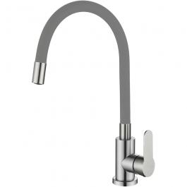 Смеситель для кухни OUTE T40193B-5 одноруч, с высоким изливом 21 см, гайка, серый, нерж [1/10]
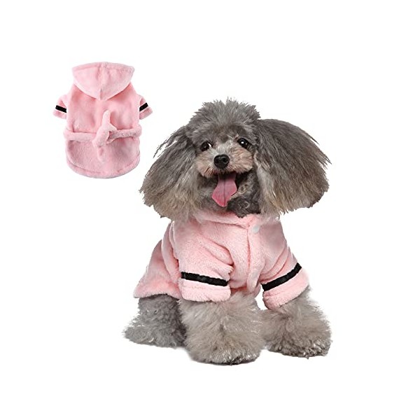 CheeseandU Dog Bathrobe for Small Dogs Winter Luxury Soft Flannel Thickened Hooded Pajamas Quick Drying and Super Absorbent Dog Bath Towel Soft Pet Nightwear for Puppy Small Dogs Cats,Pink
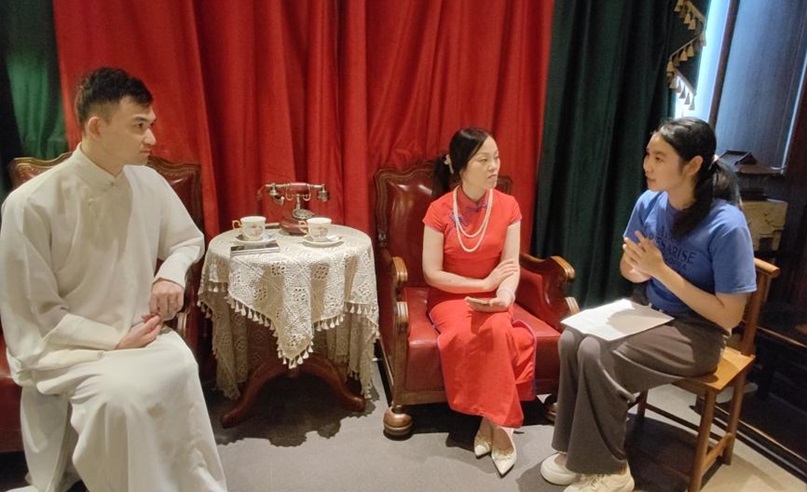 作為調查的補充,調研小隊還分別于蘇州平江路的月出·半遮面評彈館和蘇州市工業園區荷韻社區的荷韻書場進行表演欣賞。盡管部分方言唱詞對小隊成員來說存在一定理解障礙,但老師們婉轉悠揚的唱腔和生動傳神的演繹仍讓調研小隊深刻感受到了評彈藝術的古典韻味與強大生命力。隊員們還采訪了幾位資深評彈演員——徐文龍老師、朱怡老師,并與在荷韻書場演出的蘇州市評彈學校的楊柳老師及學生們進行了面對面的交流。
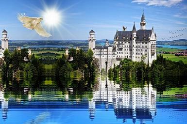 MAKE A MEME View Large Image castle fantasy bird sol day reflection birds nature
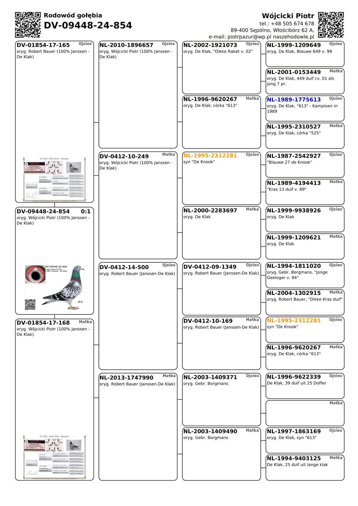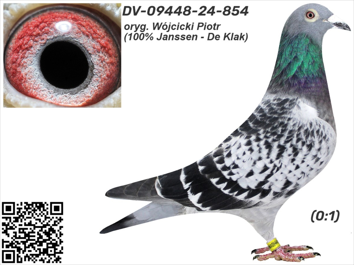 oryg. Wójcicki Piotr (100% Janssen - De Klak) Szczegóły pochodzenia w rodowodzie i załączonych materiałach. Więcej informacji o gołębiach i transporcie pod nr tel.: +48 505 674 678.

────────────────────

*Exercise prompt*.
The entries above, without their pictures, should be written out exactly.

*Result for this exercise*.
 Смеситель для кухни OUTE T40193B-5 одноруч, с высоким изливом 21 см, гайка, серый, нерж [1/10]
 CheeseandU Dog Bathrobe for Small Dogs Winter Luxury Soft Flannel Thickened Hooded Pajamas Quick Drying and Super Absorbent Dog Bath Towel Soft Pet Nightwear for Puppy Small Dogs Cats,Pink
 作為調查的補充,調研小隊還分別于蘇州平江路的月出·半遮面評彈館和蘇州市工業園區荷韻社區的荷韻書場進行表演欣賞。盡管部分方言唱詞對小隊成員來說存在一定理解障礙,但老師們婉轉悠揚的唱腔和生動傳神的演繹仍讓調研小隊深刻感受到了評彈藝術的古典韻味與強大生命力。隊員們還采訪了幾位資深評彈演員——徐文龍老師、朱怡老師,并與在荷韻書場演出的蘇州市評彈學校的楊柳老師及學生們進行了面對面的交流。
 MAKE A MEME View Large Image castle fantasy bird sol day reflection birds nature
 oryg. Wójcicki Piotr (100% Janssen - De Klak) Szczegóły pochodzenia w rodowodzie i załączonych materiałach. Więcej informacji o gołębiach i transporcie pod nr tel.: +48 505 674 678.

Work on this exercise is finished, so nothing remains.